Cutter v. Wilkinson

544 U.S. 709, 125 S. Ct. 2113 (2005)

 

RULE:

Section 3, codified at 42 U.S.C.S. § 2000cc-1(a)(1)-(2), of the Religious Land Use and Institutionalized Persons Act of 2000 (RLUIPA), 42 U.S.C.S. § 2000cc et seq., provides in part that no state or local government shall impose a substantial burden on the religious exercise of a person residing in or confined to an institution unless the government shows that the burden furthers a compelling governmental interest and does so by the least restrictive means.
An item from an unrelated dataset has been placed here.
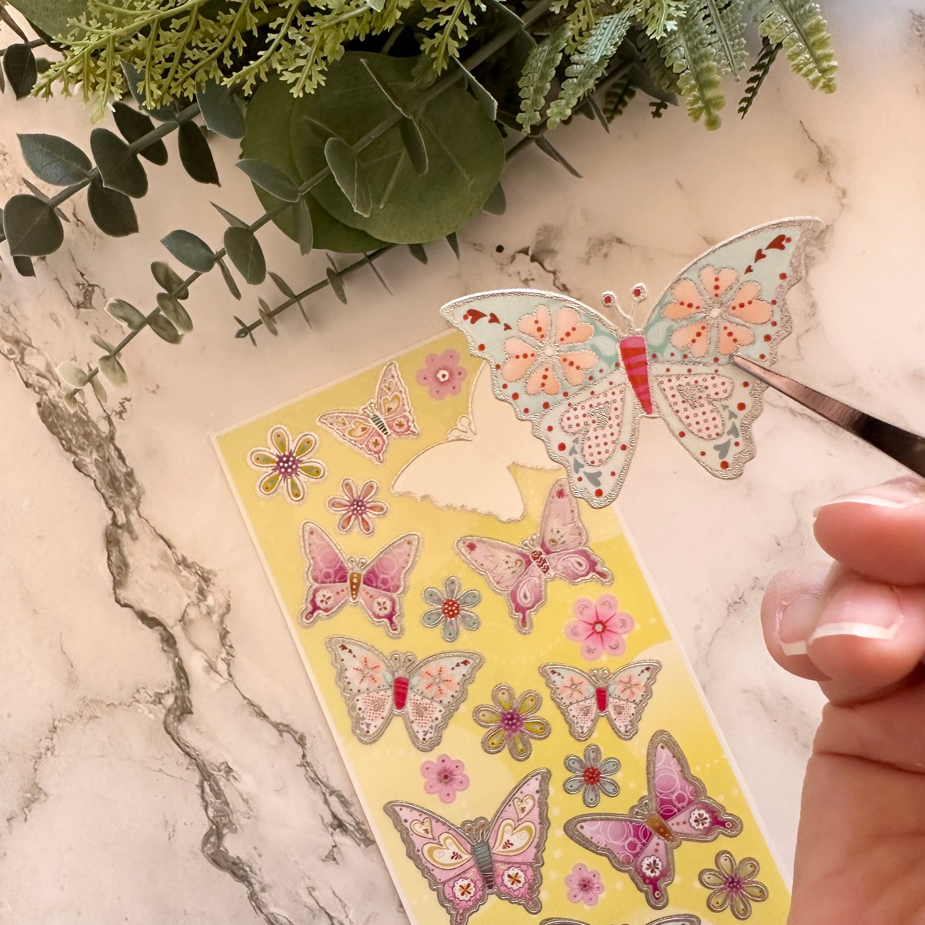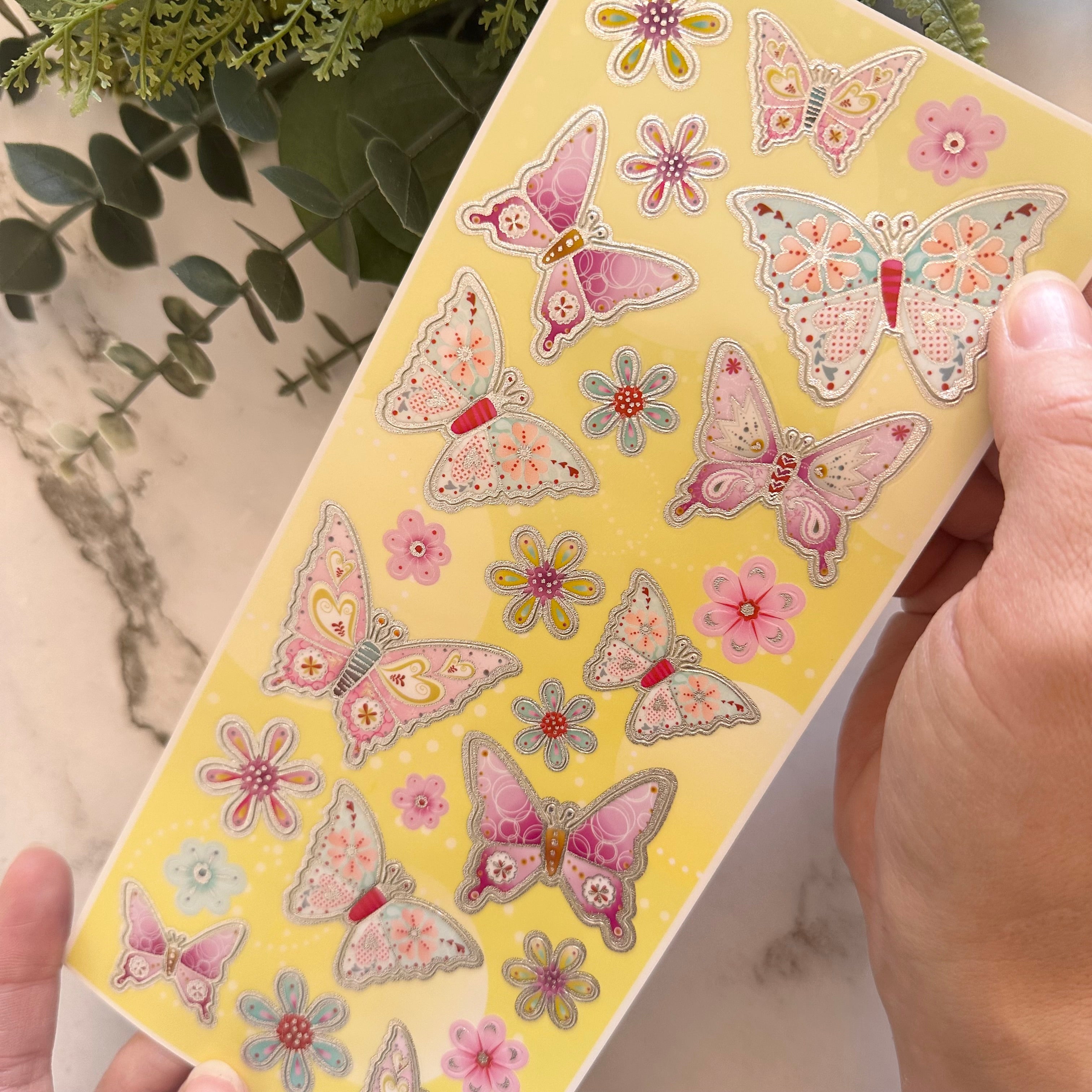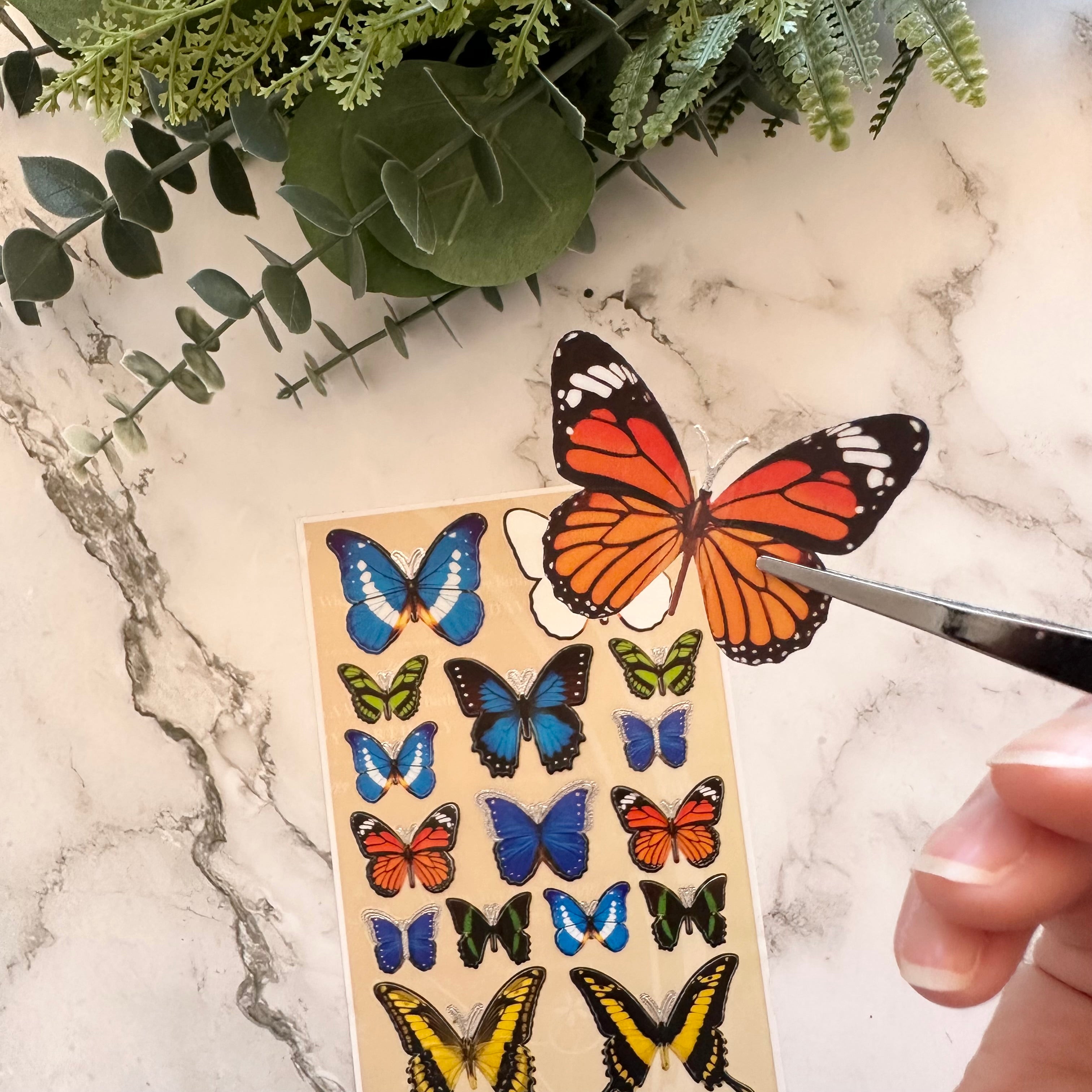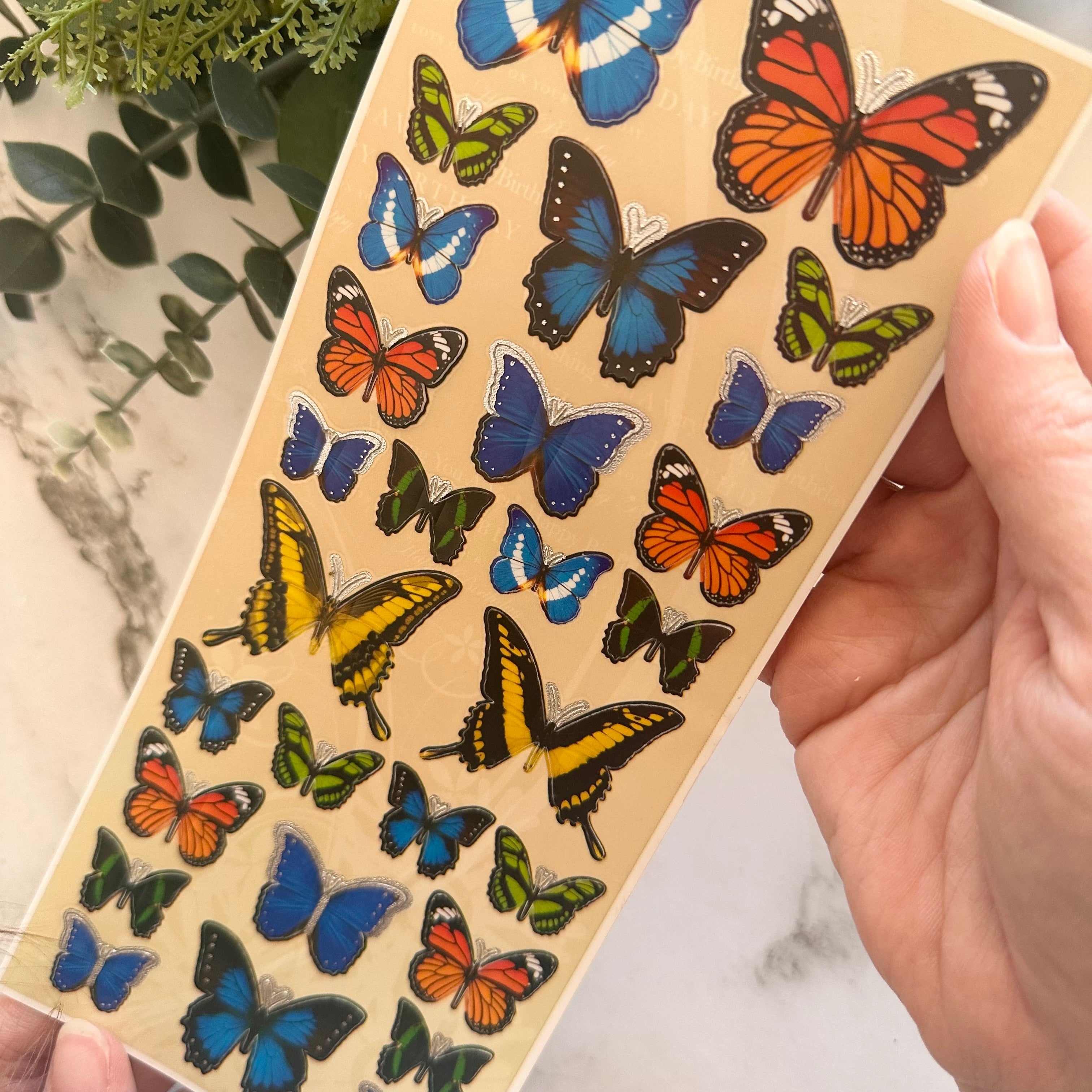 Each pack includes approximately 25 beautifully detailed butterfly and floral stickers designed with a raised, three-dimensional effect. The stickers adhere at the body, allowing the wings to be gently lifted for a realistic, layered look that adds depth and visual interest to your pages.

The RLUIPA defines "religious exercise" to include any exercise of religion, whether or not compelled by, or central to, a system of religious belief. 42 U.S.C.S. § 2000cc-5(7)(A)42 U.S.C.S. § 2000cc-1(a)(1)-(2) applies when the substantial burden on religious exercise is imposed in a program or activity that receives Federal financial assistance, or the substantial burden affects, or removal of that substantial burden would affect, commerce with foreign nations, among the several States, or with Indian tribes. 42 U.S.C.S. § 2000cc-1(b)(1)-(2). A person may assert a violation of RLUIPA as a claim or defense in a judicial proceeding and obtain appropriate relief against a government.

FACTS:

Section 3 of the Religious Land Use and Institutionalized Persons Act of 2000 (RLUIPA or Act) provides in part: "No government shall impose a substantial burden on the religious exercise of a person residing in or confined to an institution," unless the burden furthers "a compelling governmental interest," and does so by "the least restrictive means." Petitioners, current and former inmates of Ohio state institutions, alleged, inter alia, that respondent prison officials violated § 3 by failing to accommodate petitioners' exercise of their "non-mainstream" religions in a variety of ways. Respondents moved to dismiss that claim, arguing that § 3, on its face, improperly advances religion in violation of the First Amendment's Establishment Clause. Rejecting that argument, the District Court stated that RLUIPA permits safety and security -- undisputedly compelling state interests -- to outweigh an inmate's claim to a religious accommodation. On the thin record before it, the court could not find that enforcement of RLUIPA inevitably would compromise prison security. Reversing on interlocutory appeal, the Sixth Circuit held that § 3 impermissibly advances religion by giving greater protection to religious rights than to other constitutionally protected rights, and suggested that affording religious prisoners superior rights might encourage prisoners to become religious. The Court reversed the circuit court's judgment.

ISSUE:

 Is Section 3 of RLUIPA permissible accommodation that is not barred by the Establishment Clause?

ANSWER:

Yes.

CONCLUSION:

The Court held that § 2000cc-1, on its face, qualified as a permissible accommodation that was not barred by the Establishment ClauseSection 2000cc-1 was compatible with the Establishment Clause because it alleviated exceptional government-created burdens on private religious exercise. Further, § 2000cc-1 did not elevate accommodation of religious observances over an institution's need to maintain order and safety. Finally, the Court found that § 2000cc-1 did not differentiate among bona fide faiths because it conferred no privileged status on any particular religious sect. The circuit court misread the Court's precedents to require invalidation of § 2000cc-1 as impermissibly advancing religion by giving greater protection to religious rights than to other constitutionally protected rights.